Lo scorso 7 gennaio i fatti di Washington hanno fatto irruzione nei notiziari di tutto il mondo, lasciandoci increduli e per certi versi sgomenti di fronte a quanto stava accadendo.
Tra le conseguenze dell’ingresso dei manifestanti con la forza a Capitol Hill vanno menzionati la tragica perdita di vite umane e la percezione che la spaccatura emersa nella società, non solo americana, è molto più profonda e difficile da risanare di quanto creduto.
Non è compito del team Giurismatico dare un giudizio politico rispetto all’accaduto, ma una delle conseguenze di questi fatti, ovvero la chiusura di tutti gli account social del Presidente in carica degli Stati Uniti, è uno spunto per riflettere su alcuni temi della cittadinanza digitale, argomento che ci sta molto a cuore e che osserviamo da sempre con particolare attenzione.
La maggior parte delle persone oggi ha uno o più profili censiti all’interno dei social network, e per creare la propria identità digitale ciascuno ha dovuto – più o meno consapevolmente – accettare le regole che le varie piattaforme propongono prima di far accedere chiunque alla propria piazza virtuale. Nel caso in cui non vengano rispettate le regole esposte, i gestori delle piattaforme hanno il potere di bannare il soggetto dalla propria piattaforma. In questo caso però le maggiori piattaforme di messaggistica e comunicazione, cominciando da Twitter, seguita poi da Facebook, Instagram e Youtube, hanno tutte provveduto a bloccare i profili di Donald Trump, di fatto riducendolo al silenzio.
Per la società odierna impedire l’accesso alla piazza virtuale è un fatto analogo a quanto avveniva nelle città-stato dell’antica Grecia tramite l’ostracismo: si impedisce a qualcuno di partecipare all’assemblea perché ritenuto pericoloso per la sicurezza dello stato stesso, esiliandolo dalla polis, estromettendolo dalla comunità.
Poco cambia se invece di scrivere il nome su un frammento di terracotta si manda una PEC o altra comunicazione ufficiale.
Tra tutti gli studiosi che si occupano di questi temi, il prof. Luciano Floridi ha recentemente definito la cittadinanza digitale come la capacità di ogni individuo di partecipare alla società online, e che deve essere intesa come un’estensione, o per meglio dire una trasformazione, della cittadinanza tradizionale: è quell’insieme di diritti e doveri che, grazie al supporto di una serie di strumenti e servizi, mira a semplificare il rapporto tra cittadini, imprese e pubblica amministrazione tramite le tecnologie digitali. Ma chi stabilisce le regole di questa cittadinanza digitale? Possono essere i fornitori dei servizi a stabilire le regole oppure queste devono essere stabilite dal legislatore? Appare infatti evidente che senza una regolamentazione chiara la cittadinanza digitale non sia più una opportunità, e la rete può trasformarsi un luogo virtuale in cui ciascuno decide le regole del proprio perimetro.

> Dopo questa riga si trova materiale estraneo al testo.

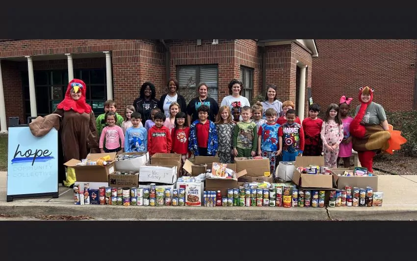 West Marion Primary classes competed to collect as many cans as possible during the month of November to donate to Hope Collective Community. 1,248 canned food items were donated, and 153 of those were donated from Rebekah Martin's class. Since her class collected the most cans in the school, Martin and her student teacher, Katie Sauls, were the 2023 WMP Turkeys for the day. It was a fun day, but most importantly, the students learned the importance of giving to their community. | Photo submitted
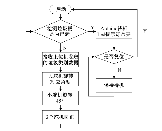 下位機軟件工作流程如圖5所示。首先啟動Arduino,通過光電傳感器與紅外發(fā)射器模塊判斷垃圾桶是否已滿。若垃圾桶已滿,向上位機發(fā)送已滿信號、點亮Led燈同時進入待機狀態(tài)。若垃圾桶未滿,則Arduino接收上位機信號,信號0、1、2、3分別對應廚余垃圾、可回收垃圾、有害垃圾、其他垃圾,Arduino與上位機Jetson Nano 之間的通信通過ASCII碼傳輸,對應接收到的值為48、49、50、51 ,通過對這4個值的判斷,來控制舵機模塊準確將垃圾投進對應的垃圾箱。大舵機對應不同種類垃圾,0號垃圾桶逆時針旋轉45°,1號垃圾桶順時針旋轉45°,2號垃圾桶順時針旋轉135°,3號垃圾桶逆時針旋轉135°,從而將云臺對準相應的垃圾桶,之后小舵機旋轉30°將翻斗抬起,將垃圾準確迅速地投入垃圾桶。2個動作完成后,2個舵機分別回到初始0°狀態(tài)。投放完畢后﹐翻斗、云臺分別回正,同時檢測垃圾桶是否已滿,并重復上述步驟。

Sarebbe inoltre auspicabile e necessario avviare una riflessione sui motivi che hanno condotto gli Stati a demandare a degli enti privati le possibilità di interazione sociale, ben prima della pandemia di Covid 19. Senza interrogarsi su questo la tecnologia, oggi alla portata di tutti, rischia di essere uno strumento con cui, invece che puntare all’inclusione e all’innovazione, si continuano a veicolare messaggi che amplificano le spaccature della società.
Prova ne sono le recenti dichiarazioni di Andrew Torba, CEO del servizio di messaggistica on line Gab: in una recentissima intervista ha affermato di essere in contatto con il team del presidente Trump per l’apertura di un conto, di un servizio di messaggistica e di una piattaforma video. Gab sta aggiungendo fino a 700.000 nuovi utenti al giorno, ha affermato Torba, e ha avuto più di 40 milioni di visitatori unici nell’ultima settimana. Questo vuol dire che, nell’impossibilità di utilizzare i “vecchi” sevizi, potrebbe nascerne uno nuovo tramite cui determinati messaggi potrebbero continuare ad essere veicolati senza controllo, proprio perché il nuovo servizio non appartiene a quelli che hanno già autonomamente provveduto a silenziare determinati soggetti.
Cosa potrebbe impedire il realizzarsi di questo scenario? Cosa può impedire la nascita del risentimento dei nuovi Alcibiade dell’era dei social? Solo colmare il vuoto regolamentatorio, non con iniziative di singoli, per quanto influenti, ma tramite provvedimenti che riaffermino la centralità della legge.